_TASK BRIEF_. Repeat, line for line, only the span that opens at the "Breloques pièces et Maneki Neko en métal" line and closes at the final line below. Skip the pictures.

===== RECORDS SUPPLIED =====

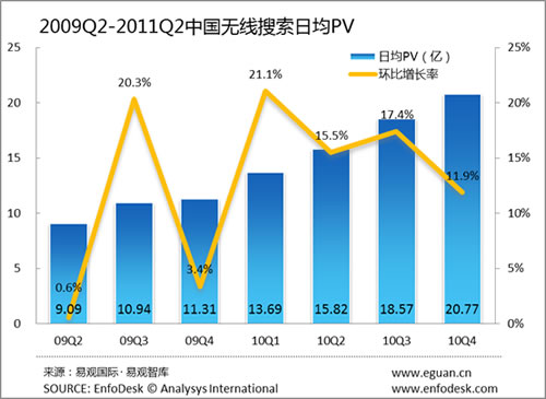 從無線搜索市場的PV來看,2011年第2季度中國無線搜索市場日均PV已經(jīng)突破24億次,環(huán)比上季度增長為11.0%,增長率相比上個季度開始反彈。
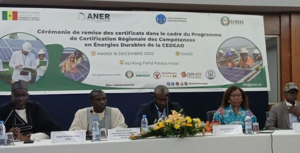 L’Agence Nationale pour les Énergies Renouvelables (ANER), en partenariat avec l’ECREEE et l’ESP, avec l’appui du projet ROGEAP, a organisé ce mardi 16 decembre 2025, une cérémonie de remise de certificats dans le cadre du Programme de Certification Régionale des Compétences en Énergies Durables de la CEDEAO. Ce programme a permis de former et certifier plusieurs cohortes de techniciens solaires photovoltaïques hors réseau, selon un référentiel régional harmonisé, garantissant la qualité, la sécurité et la professionnalisation du secteur.
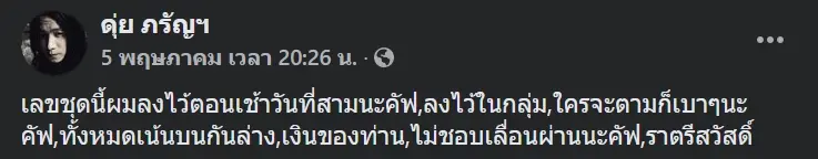 มาแล้ว ที่แรก หวยเด็ดดุ่ย ภรัญฯ งวด 16 พฤษภาคม 2564 ปล่อยเลขเด็ด น่าสนใจหน้าเฟสบุ๊ค ให้ชาวเน็ตนักเสี่ยงดวงได้ลองตามกัน ระวัง 3-8
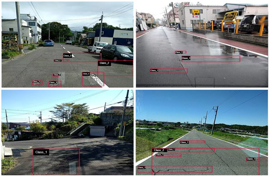 The following details the three existing challenges and their impacts: as shown in Figure 1, there are four categories (class_0, class_1, class_2, class_3), which, respectively, represent longitudinal cracks, transverse cracks, alligator cracks, and potholes. These challenges include small object detection, complex background interference, and the damage of irregular shapes. Small object detection is particularly challenging in road damage recognition, especially for fine cracks. Due to their small size, crack features are often not prominent in images, especially in high-resolution images, where the edges of cracks may be difficult to distinguish due to blurring or noise. The low contrast between small cracks and the surrounding road surface further increases the difficulty for the model, leading to false positives or missed detections. Additionally, because small damage occupies a small percentage of the pixels, it can be overlooked during global feature extraction, which is a problem that is exacerbated in low-resolution or noisy images [18]. Complex background interference is another significant challenge in road damage detection. Common environmental factors, such as changes in lighting angles, tire tracks, and water coverage, often resemble or interfere with damage patterns, making them difficult to accurately identify. This background noise causes the model to misclassify the background as a damage site or ignore actual damage, thereby affecting detection accuracy. Furthermore, background interference increases the difficulty of feature extraction, further lowering the reliability and efficiency of the detection system [19]. Irregular damage shapes pose an additional challenge for feature extraction. Cracks are influenced by various factors during formation, resulting in discontinuous, branching, or mesh-like structures. These irregular shapes make it difficult for the model to extract consistent features, as feature information may be blurred or lost, especially during the deeper stages of feature extraction. The complexity of damage shapes further exacerbates the difficulty of model in capturing fine details, impacting the accuracy and robustness of detection [20].
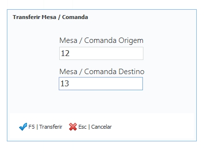 Para Realizar uma transferência de Mesa, utilize a tecla ctrl + B para transferir a mesa de Origem para o seu destino final, confirmando com a tecla F5 para finalizar a transferência.
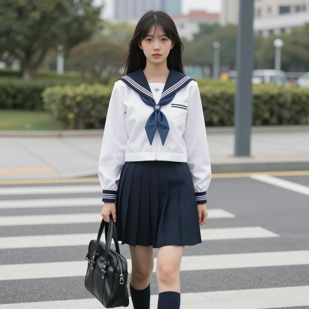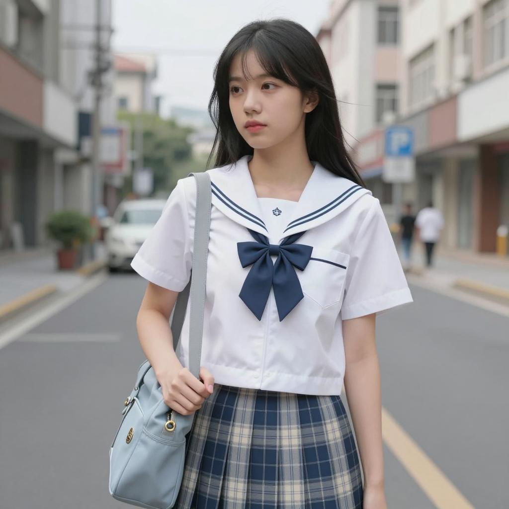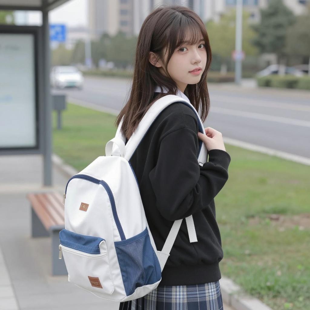 Young woman with straight brown hair and bangs, wearing a black long-sleeve shirt and blue plaid skirt, stands at a bus stop holding a blue and white backpack. She looks over her shoulder with a slight smile. Green grass and a road with buildings are in the background. Bright daylight. Photo.
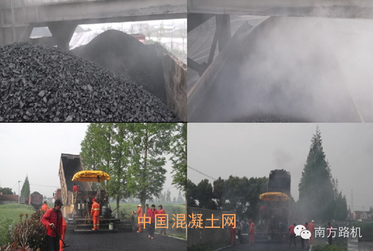 瀝青攪拌站在常規熱拌與溫拌卸料和攤鋪時的對比,采用溫拌技術,藍煙明顯減少。
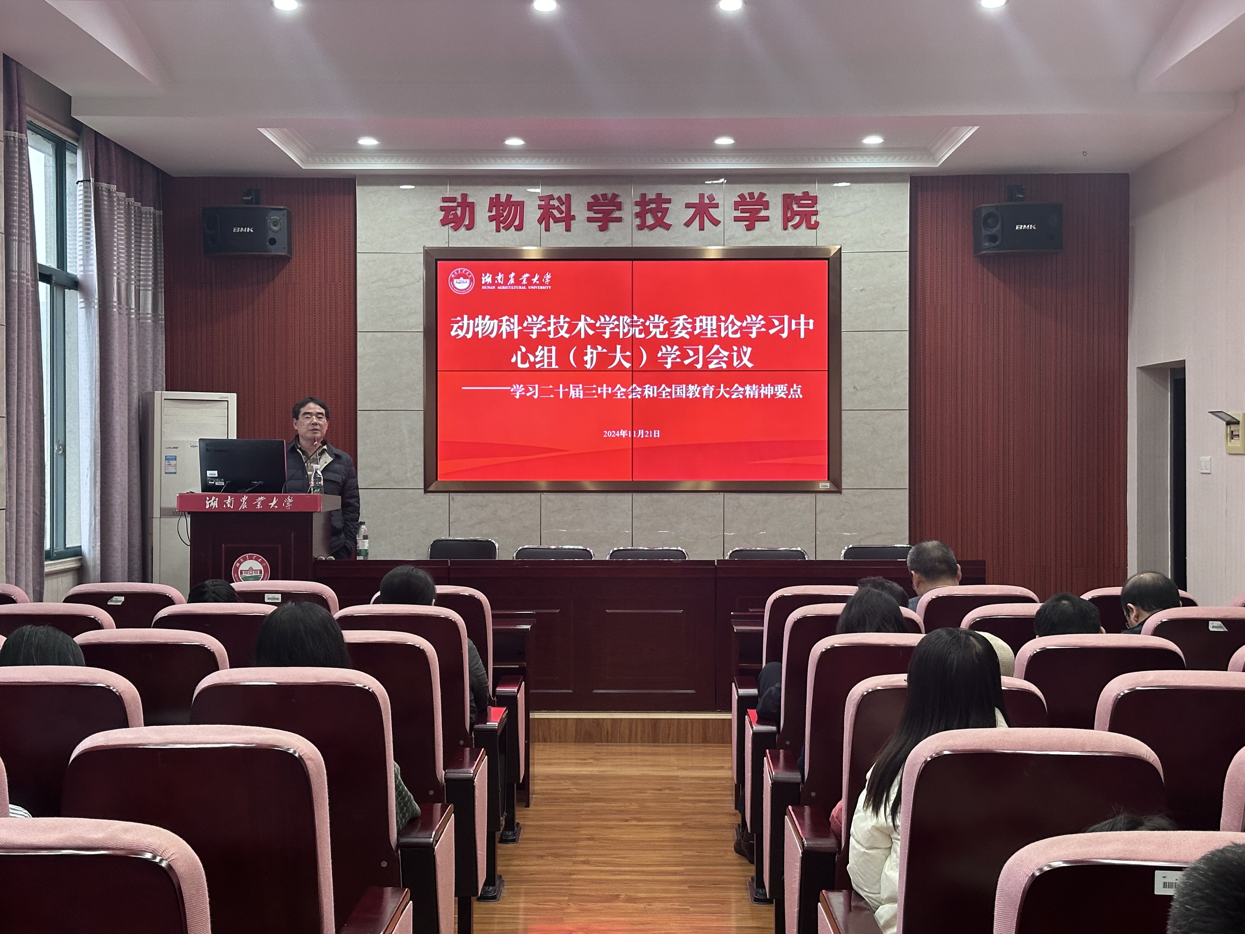 祖智波领学了二十届三中全会和全国教育大会精神要点,重点传达了11月11日学校召开的推进教育科技人才体制机制一体改革动员大会精神。他指出,学习贯彻好二十届三中全会和全国教育大会精神是当前和今后一个时期的重大政治任务。全院上下要深入学习领会二十届三中全会和全国教育大会精神,入脑入心,准确把握其核心要义和实质精神。同时要紧紧围绕立德树人根本任务,深刻把握教育的政治属性、人民属性、战略属性。要立足学校、学院的特色和优势,紧扣国家重大战略和经济社会发展需要,进一步聚焦学院制度建设、人才培养模式创新、核心课程建设、教学、科研团队建设、人才队伍建设等方面,进一步整合资源、凝聚力量、补齐短板;充分发挥人才聚集效应,推进大团队、大平台建设,对接湖南千亿产业,谋划国家级成果奖、国家级科研平台、“十五五”重点研发计划、杰青和优青等重大项目。全院教师要时刻铭记教书育人的使命和立德树人的初心,深化思想认识,加强师德师风建设,坚定理想信念、陶冶道德情操、涵养扎实学识、勤修仁爱之心,矢志躬耕教坛,大力弘扬践行教育家精神,争做“经师”和“人师”相统一的“大先生”,以过硬的专业能力、渊博的知识水平、深沉的仁爱之心,着力培养复合型拔尖创新人才,承担起为中国式现代化培育时代新人的重任。
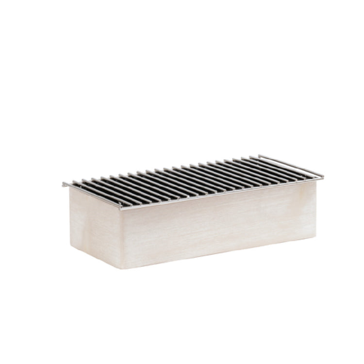 The Cal Mil 22422-113 Chafer 19-3/4"W x 10"D x 5-1/2"H is a distinctive serving piece that merges vintage charm with functionality, making it a versatile addition for various segments within the food service industry. This chafer's vintage wood frame is crafted from white-washed pine wood, imparting a rustic yet elegant aesthetic that enhances any buffet or catering setup. The bold grill design adds a robust visual appeal while facilitating efficient heat distribution, ensuring that dishes are served at optimal temperatures. Measuring 19-3/4 inches in width, 10 inches in depth, and 5-1/2 inches in height, this chafer provides ample space for a variety of dishes, accommodating diverse menu offerings. The Newport style underscores a timeless elegance, making it suitable for high-end banquets as well as casual dining settings. Its construction not only emphasizes durability but also aligns with contemporary design trends, offering a sophisticated presentation platform for culinary masterpieces. This chafer is a strategic choice for event planners, caterers, and restaurateurs seeking a product that combines aesthetic appeal with practical design, ensuring a memorable dining experience for guests. Its unique features cater to the needs of modern culinary environments by providing both style and functionality.
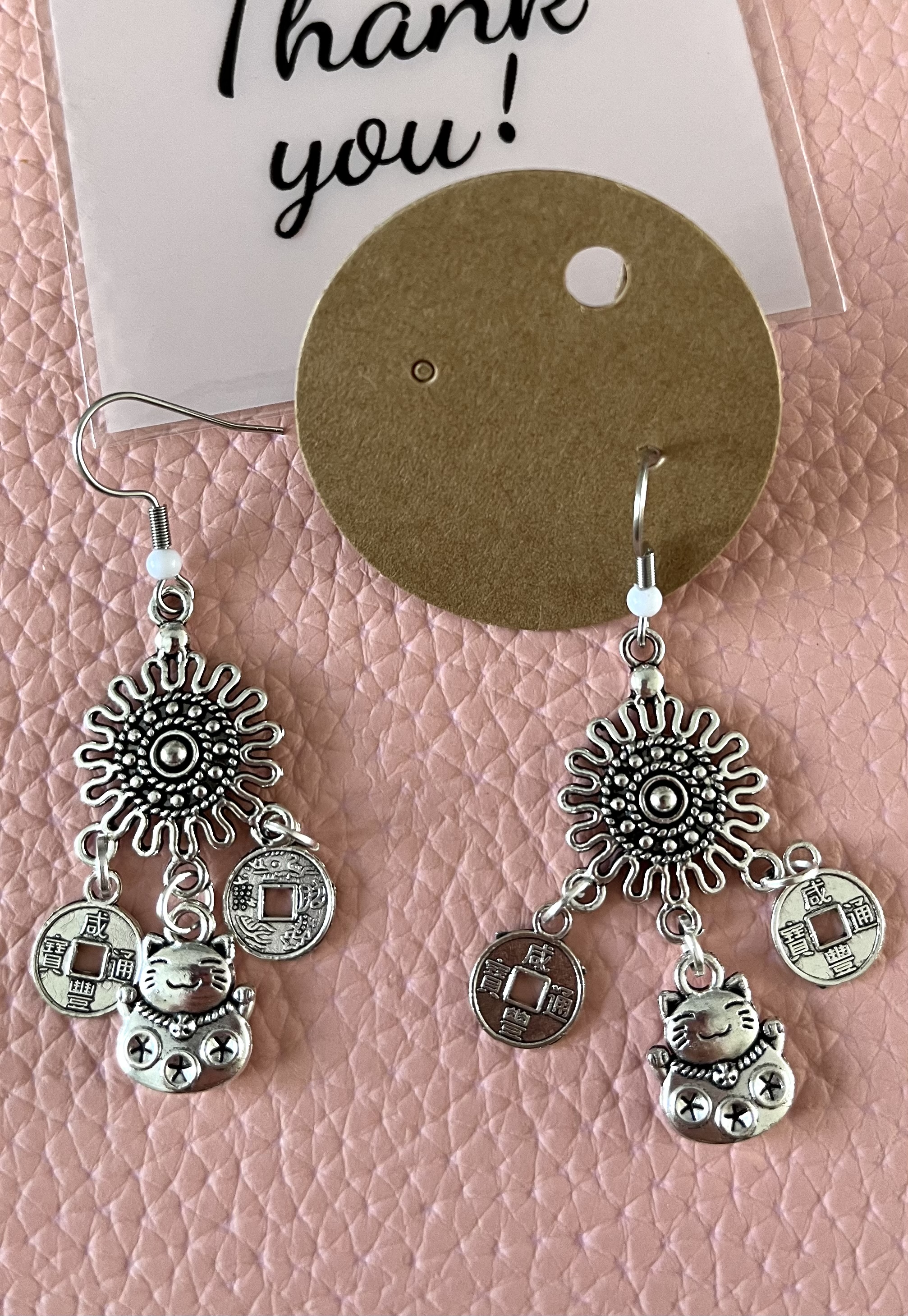 Breloques pièces et Maneki Neko en métal
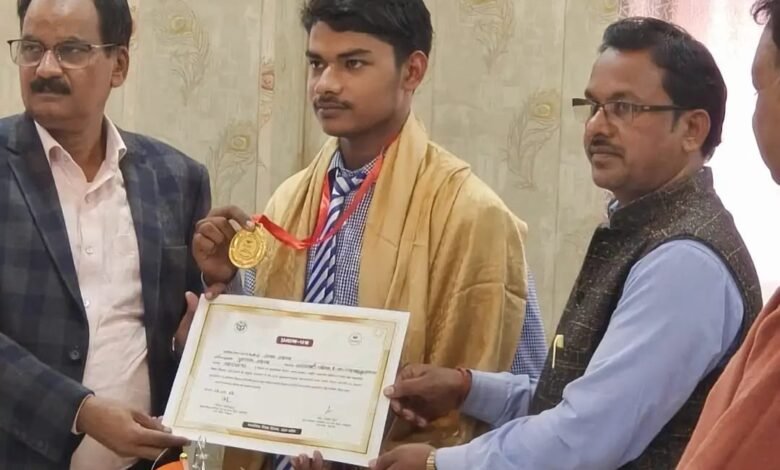 छात्र को जिला विद्यालय निरीक्षक ने किया सम्मानित।
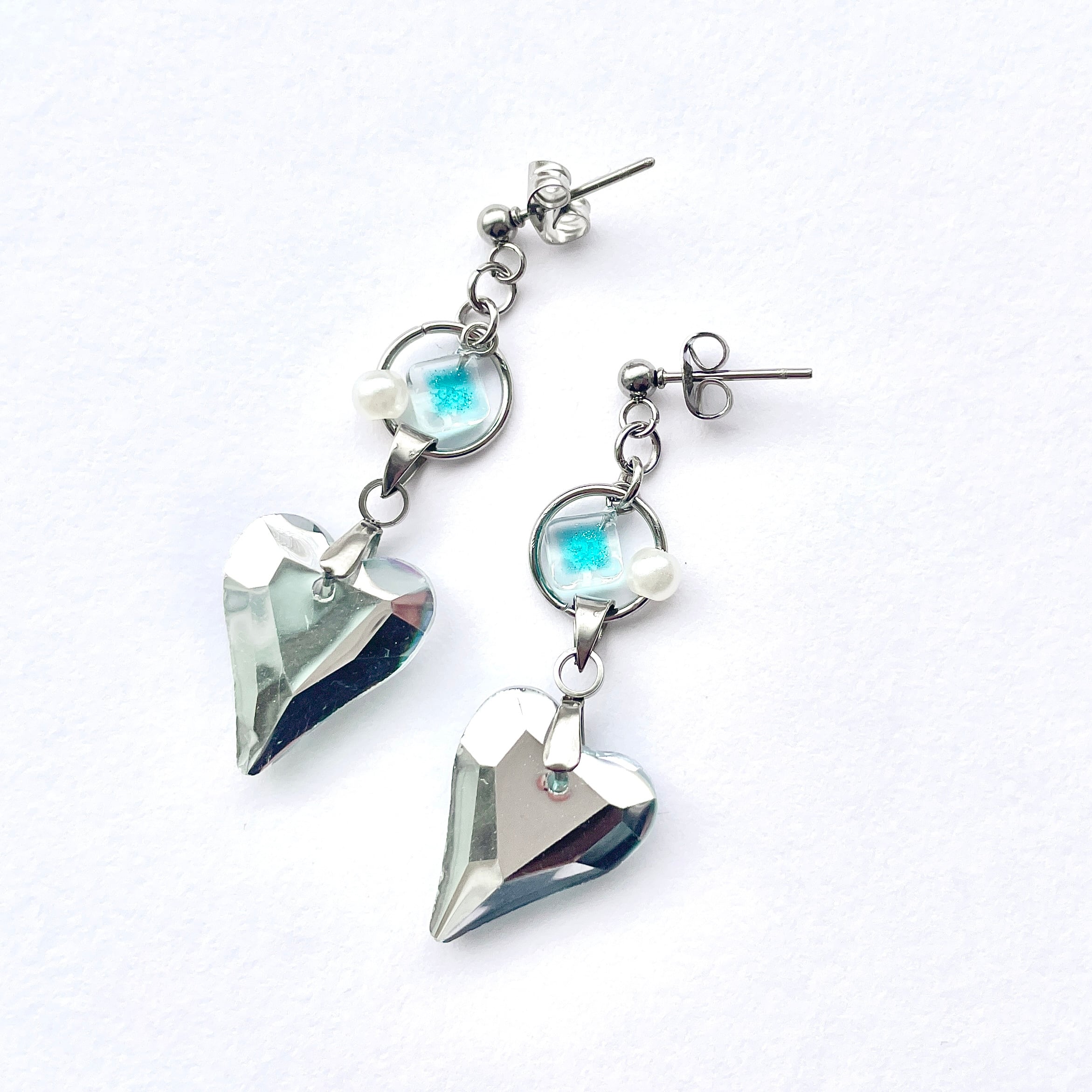 レジンとガラスパーツ(ハート部分)とを組み合わせ、デザイン性の高い作品に仕上げました。

=====

_TASK SOLUTION_.
 Breloques pièces et Maneki Neko en métal
 छात्र को जिला विद्यालय निरीक्षक ने किया सम्मानित।
 レジンとガラスパーツ(ハート部分)とを組み合わせ、デザイン性の高い作品に仕上げました。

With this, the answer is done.